In 1948, Renault and Mullard left England for good, in part to escape the austerity of post-World War II London. They settled, somewhat capriciously, in South Africa where Mary became famous in 1953 for “The Charioteer,” a book placed next to James Baldwin’s “Giovanni’s Room” and Gore Vidal’s “The City and the Pillar” as a cornerstone of contemporary gay fiction. She immediately acquired a huge homosexual following and was to favor the company of campy gay men for the rest of her life, entering so enthusiastically into their community that she seems to have been awarded among them the status of a mascot--an honorary gay man trapped in a lesbian’s body. Aside from Julie, she shied away from other lesbians, indeed, from women in general, and preferred instead to ogle the lithe bodies of the bleached-blond surfers who rode the waves before her house on the beach, providing constant inspiration for her voluptuous portrayals of sexual friendships in the agora and the gymnasium.

Because Renault was reluctant to use the word lesbian in application to herself, perhaps out of her own homophobia, perhaps out of a curmudgeonly spirit of independence, Sweetman’s candor is particularly enlightening.
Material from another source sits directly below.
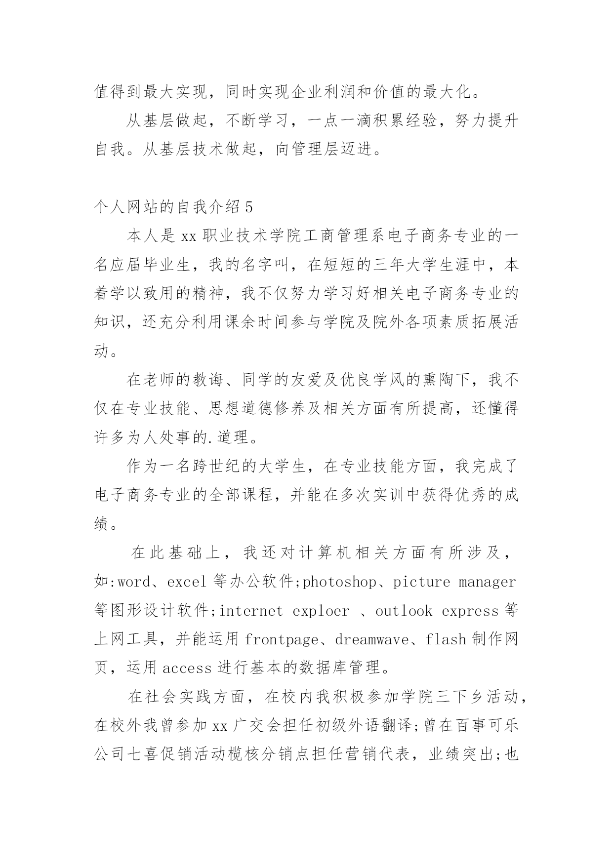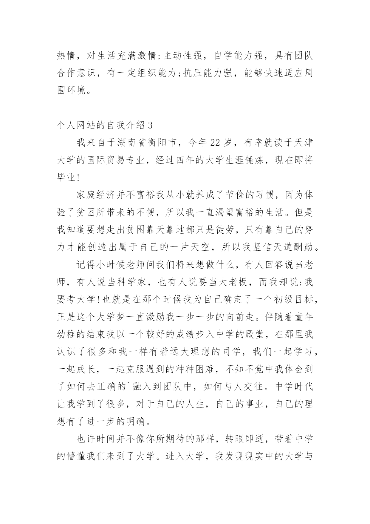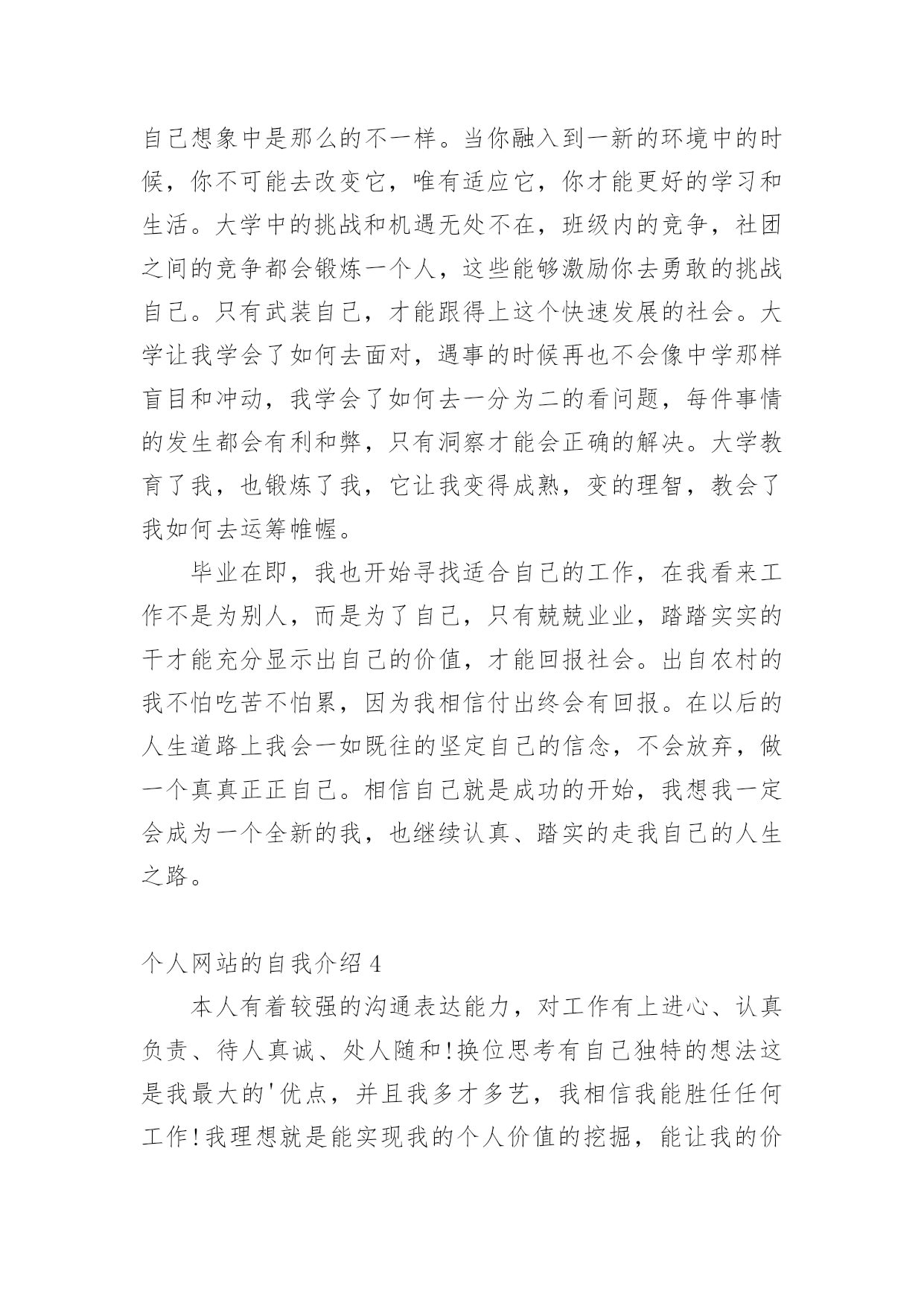 个人网站的自我介绍初到一个新的环境,我们总少不了要向他人介绍自己,自我介绍可以满足我们渴望得到尊重的心理。你所见过的自我介绍是什么样的呢?以下是小编精心整理的个人网站的自我介绍,欢迎阅读与收藏。个人网站的自我介绍1本人诚信开朗,热情真诚,团队意识强,时间观念强,易于接受新事物,乐于与人沟通,较强的适应能力和协调能力,能恪守以大局为重的原则。在校园生活期间,曾担任校园广播站站长,让我的组织协调能力、管理能力、应变能力、团队合作精神大大提升,使我具备良好的心理素质。进入社会工作之后,已慢慢学会耐心、用良好的感知为客户解答问题,已磨练出较强的`忍耐力和意志力。个人网站的自我介绍2一直以来,努力、积极、乐观、拼搏是我的'人生信条,我相信,我会一直努力下去,做好自己,奉献社会。敢做敢拼,脚踏实地;做事认真负责,责任心强;座右铭是“优秀是一种习惯”我的期望是在企事业单位从事管理、金融、行政、助理等与专业相关方面的工作。爱好所学专业,乐于学习新知识;对工作有责任心;踏实,热情,对生活充满激情;主动性强,自学能力强,具有团队合作意识,有一定组织能力;抗压能力强,能够快速适应周围环境。个人网站的自我介绍3我来自于湖南省衡阳市,今年22岁,有幸就读于天津大学的国际贸易专业,经过四年的大学生涯锤炼,现在即将毕业!家庭经济并不富裕我从小就养成了节俭的习惯,因为体验了贫困所带来的不便,所以我一直渴望富裕的生活。但是我知道要想走出贫困靠天靠地都只是徒劳,只有靠自己的努力才能创造出属于自己的一片天空,所以我坚信天道酬勤。记得小时候老师问我们将来想做什么,有人回答说当老师,有人说当科学家,也有人说要当大老板,而我却说:我要考大学!也就是在那个时候我为自己确定了一个初级目标,正是这个大学梦一直激励我一步一步的向前走。伴随着童年幼稚的结束我以一个较好的成绩步入中学的殿堂,在那里我认识了很多和我一样有着远大理想的同学,我们一起学习,一起成长,一起克服遇到的种种困难,不知不觉中我体会到了如何去正确的`融入到团队中,如何与人交往。中学时代让我学到了很多,对于自己的人生,自己的事业,自己的理想有了进一步的明确。也许时间并不像你所期待的那样,转眼即逝,带着中学的懵懂我们来到了大学。进入大学,我发现现实中的大学与自己想象中是那么的不一样。当你融入到一新的环境中的时候,你不可能去改变它,唯有适应它,你才能更好的学习和生活。大学中的挑战和机遇无处不在,班级内的竞争,社团之间的竞争都会锻炼一个人,这些能够激励你去勇敢的挑战自己。只有武装自己,才能跟得上这个快速发展的社会。大学让我学会了如何去面对,遇事的时候再也不会像中学那样盲目和冲动,我学会了如何去一分为二的看问题,每件事情的发生都会有利和弊,只有洞察才能会正确的解决。大学教育了我,也锻炼了我,它让我变得成熟,变的理智,教会了我如何去运筹帷幄。毕业在即,我也开始寻找适合自己的工作,在我看来工作不是为别人,而是为了自己,只有兢兢业业,踏踏实实的干才能充分显示出自己的价值,才能回报社会。出自农村的我不怕吃苦不怕累,因为我相信付出终会有回报。在以后的人生道路上我会一如既往的坚定自己的信念,不会放弃,做一个真真正正自己。相信自己就是成功的开始,我想我一定会成为一个全新的我,也继续认真、踏实的走我自己的人生之路。个人网站的自我介绍4本人有着较强的沟通表达能力,对工作有上进心、认真负责、待人真诚、处人随和!换位思考有自己独特的想法这是我最大的'优点,并且我多才多艺,我相信我能胜任任何工作!我理想就是能实现我的个人价值的挖掘,能让我的价值得到最大实现,同时实现企业利润和价值的最大化。从基层做起,不断学习,一点一滴积累经验,努力提升自我。从基层技术做起,向管理层迈进。个人网站的自我介绍5本人是xx职业技术学院工商管理系电子商务专业的一名应届毕业生,我的名字叫,在短短的三年大学生涯中,本着学以致用的精神,我不仅努力学习好相关电子商务专业的知识,还充分利用课余时间参与学院及院外各项素质拓展活动。在老师的教诲、同学的友爱及优良学风的熏陶下,我不仅在专业技能、思想道德修养及相关方面有所提高,还懂得许多为人处事的.道理。作为一名跨世纪的大学生,在专业技能方面,我完成了电子商务专业的全部课程,并能在多次实训中获得优秀的成绩。在此基础上,我还对计算机相关方面有所涉及,如:word、excel等办公软件;photoshop、picturemanager等图形设计软件;internetexploer、outlookexpress等上网工具,并能运用frontpage、dreamwave、flash制作网页,运用access进行基本的数据库管理。在社会实践方面,在校内我积极参加学院三下乡活动,在校外我曾参加xx广交会担任初级外语翻译;曾在百事可乐公司七喜促销活

The book does, however, have a number of weaknesses. While excellently written, his account of how Renault became the pre-Stonewall standard-bearer of gay liberation is marred by his tendency to present unnecessary information about his subject, a flaw that reflects the idolatrous shortsightedness of a somewhat uncritical fan. His tendency to clog an otherwise lucid narrative with a mass of gratuitous details is symptomatic of a larger problem: his hagiographic attempt to portray Renault as a more highbrow writer than in fact she was.

While meticulously researched, her work can be both faulted and enjoyed as a brilliant costume drama full of neoclassic reverence for antiquity. She transformed ancient Greece into a complex frieze of heroic moments in which the major players of the time parade before us in togas and tunics, striking noble poses, brandishing swords, and standing stiffly in the prows of ships, their eyes fixed on the horizon like intricately carved figureheads. Despite her conscientious scholarship, there is an inescapable touch of Hollywood in her narratives, an element of kitsch, an undercurrent of sentimentality that prevents her stories from becoming merely stately mausoleums that she excavated from mountains of empirically demonstrable facts.

But in Sweetman’s biography she emerges as a kind of armchair archeologist who, during the literary equivalent of a dig, unearthed rather than simply wrote her narratives, exhuming them intact like perfectly preserved historical artifacts. To treat her as a forbiddingly erudite scholar simply because she dealt with classical Greece is to misunderstand her real strengths as both a vivid writer of popular adventure stories and an accessible and stylistically elegant vulgarizer of an important chapter in Western history.